Figures from the Office for National Statistics (ONS) showed that tough competition in the high street meant inflation as measured by the Consumer Prices Index fell from 3.5% to 3% last month.
After peaking at 5.2% in September 2011, inflation is now at its lowest level since February and for the first time in the current parliament Sir Mervyn will not have to write a letter of explanation to George Osborne.
The bank's task is to hit the government's 2% inflation target, and the governor has to give a public explanation if it deviates by more than a percentage point from that goal.
With poor spring weather making life tougher for retailers, the ONS reported that clothing and footwear prices rose by 0.2% last month compared with 1.4% in April 2011. Smaller budget increases in excise duties and cheaper air fares due to the timing of Easter also helped keep prices in check.
So-called "core inflation", which strips out energy costs and food, also dropped sharply last month, from 2.5% to 2.1%.

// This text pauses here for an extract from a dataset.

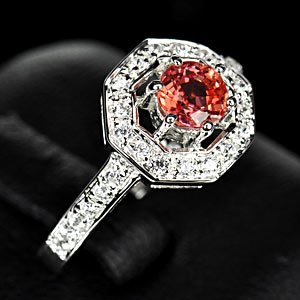 Center: Round Lab Created Padparadscha Sapphire Size 6 Mm. 1 Pcs.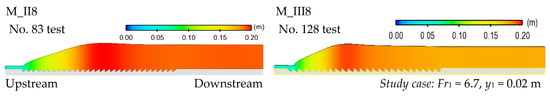 The water surface profiles in this numerical simulation are determined by the VOF method. The water surface profiles in these simulations help design an efficient construction of the stilling basin’s side wall heights and floor lengths. The coordinate system for defining the water surface profiles is described and shown in Figure 4. These numerical results of a typical free surface elevation on M_I and II bed models are presented in Figure 5.

Chloe Smith, the economic secretary to the Treasury, said: "Inflation is down and back within the target range for the first time since 2010, which is good news and will provide some welcome relief for family budgets."
Separate government data saw government borrowing flattered by the transfer of the Royal Mail pension fund to the public sector last month. This swelled receipts by £28bn and resulted in a £16.5bn surplus for the exchequer in April.
Excluding the effects of the pension fund transfer, the deficit in the first month of the 2012-13 financial year was £11.5bn – higher than the City had been expecting. A Treasury spokesman said: "Despite the challenges the recovery is facing from the eurozone and elsewhere, the government is making good progress in dealing with the deficit: today's data shows that in 2011-12 we cut borrowing by almost £12.5bn."